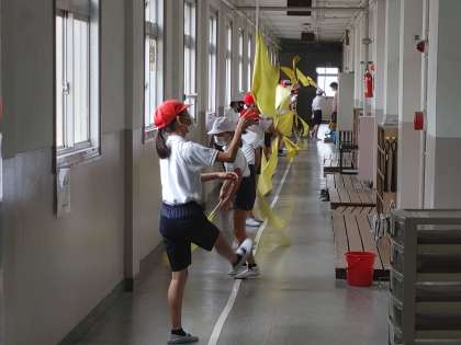 廊下や教室内では、いつもの様にフラッグを振る事が出来なくて、練習するのに苦労していました。
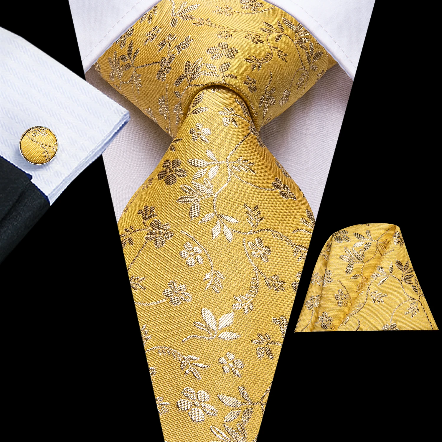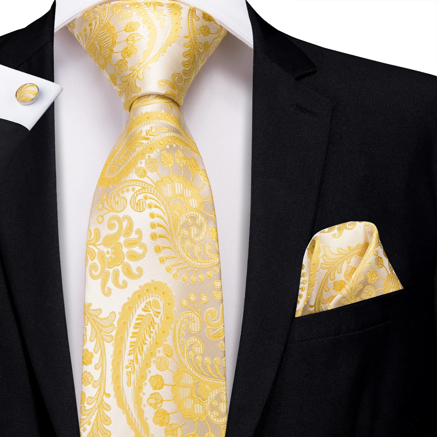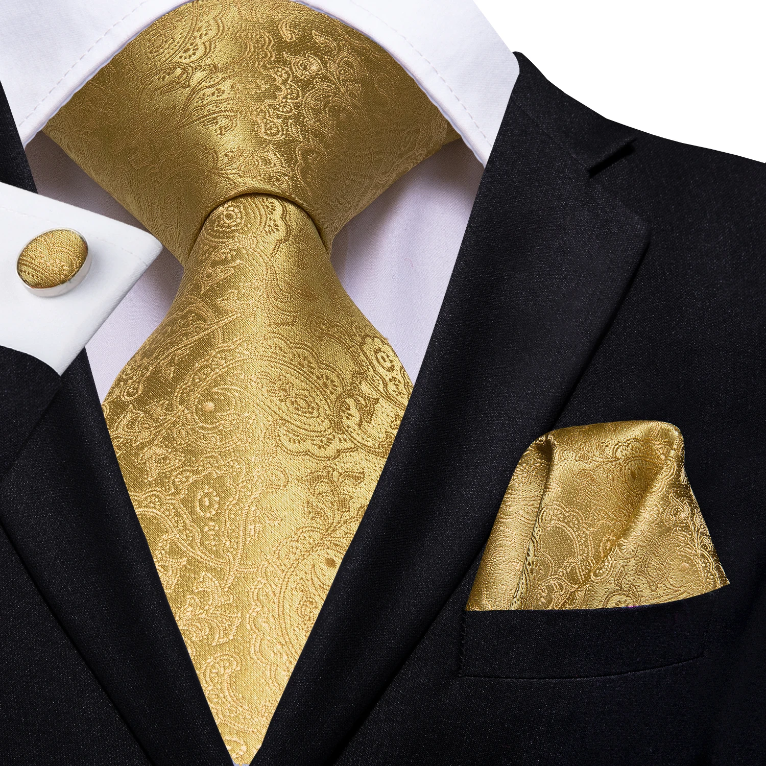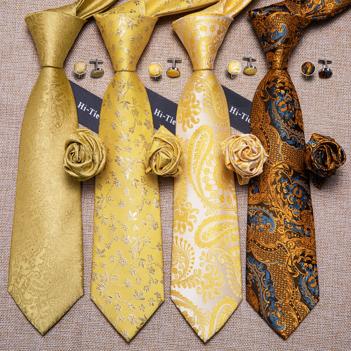 Hi-Tie 8,5 см, желтые золотые мужские галстуки, шелковые жаккардовые однотонные роскошные галстуки для мужчин, набор запонок Hanky, Gravata, подарок для свадьбы, вечеринки
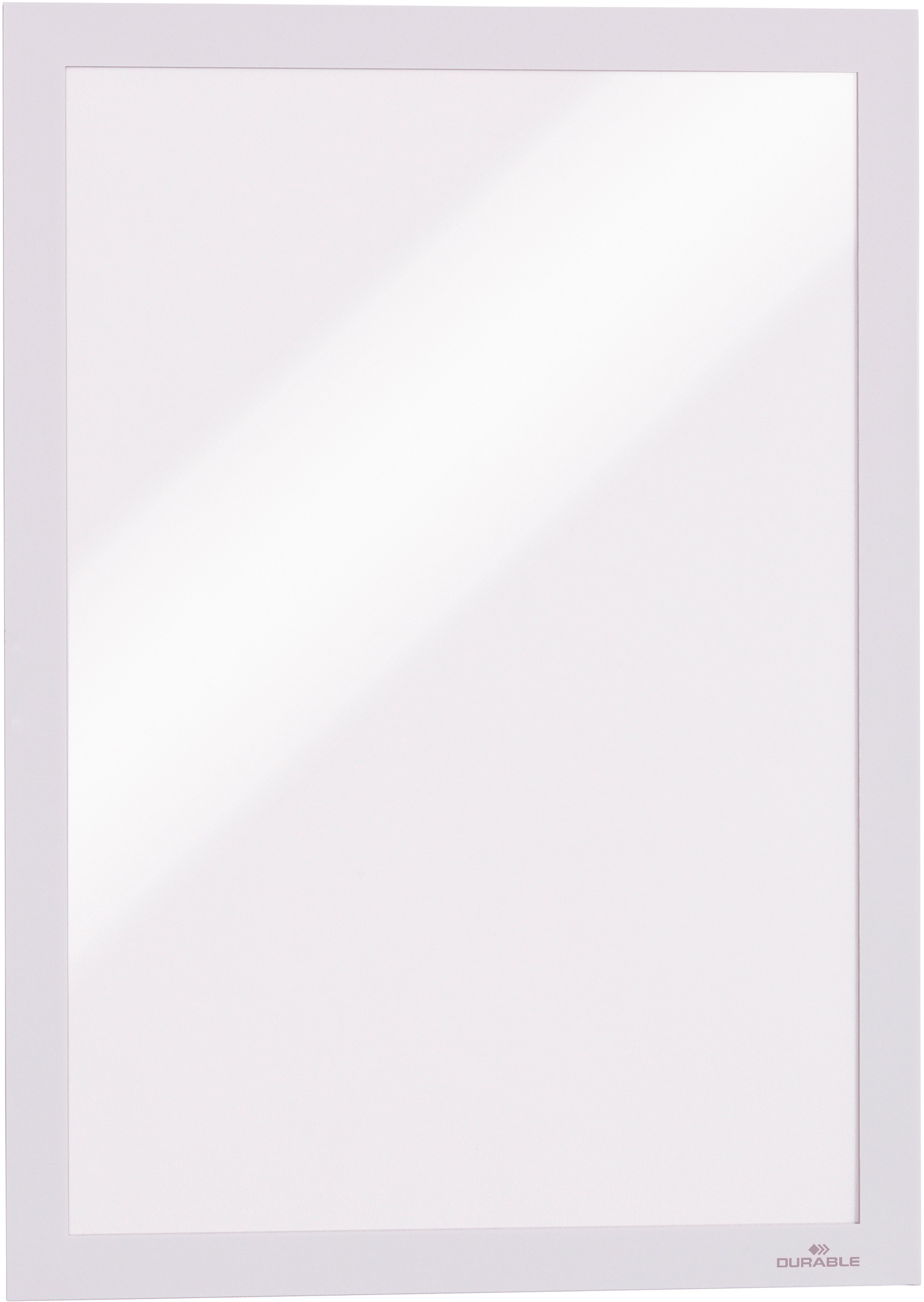 DURABLE Info-Rahmen Duraframe® selbstklebend, mit aufklappbarer, magnetischer Vorderseite für schnelles und bequemes Einlegen und Wechseln von Informationen, haftet dauerhaft auf allen gängigen Oberflächen und kann von glatten und festen Untergründen wie z. B. Glas wieder entfernt und neu angebracht werden, geeignet für Raumkennzeichnungen, Orientierungsinformationen, Angebote etc., doppelseitige Lesbarkeit, einsetzbar im Hoch- und Querformat. Packung zu 2 Stück. A4 weiss

■ ■ ■ ■

* Exercise prompt: What is needed here is each line above set down word for word, minus the images.

* Task solution:
 廊下や教室内では、いつもの様にフラッグを振る事が出来なくて、練習するのに苦労していました。
 Hi-Tie 8,5 см, желтые золотые мужские галстуки, шелковые жаккардовые однотонные роскошные галстуки для мужчин, набор запонок Hanky, Gravata, подарок для свадьбы, вечеринки
 DURABLE Info-Rahmen Duraframe® selbstklebend, mit aufklappbarer, magnetischer Vorderseite für schnelles und bequemes Einlegen und Wechseln von Informationen, haftet dauerhaft auf allen gängigen Oberflächen und kann von glatten und festen Untergründen wie z. B. Glas wieder entfernt und neu angebracht werden, geeignet für Raumkennzeichnungen, Orientierungsinformationen, Angebote etc., doppelseitige Lesbarkeit, einsetzbar im Hoch- und Querformat. Packung zu 2 Stück. A4 weiss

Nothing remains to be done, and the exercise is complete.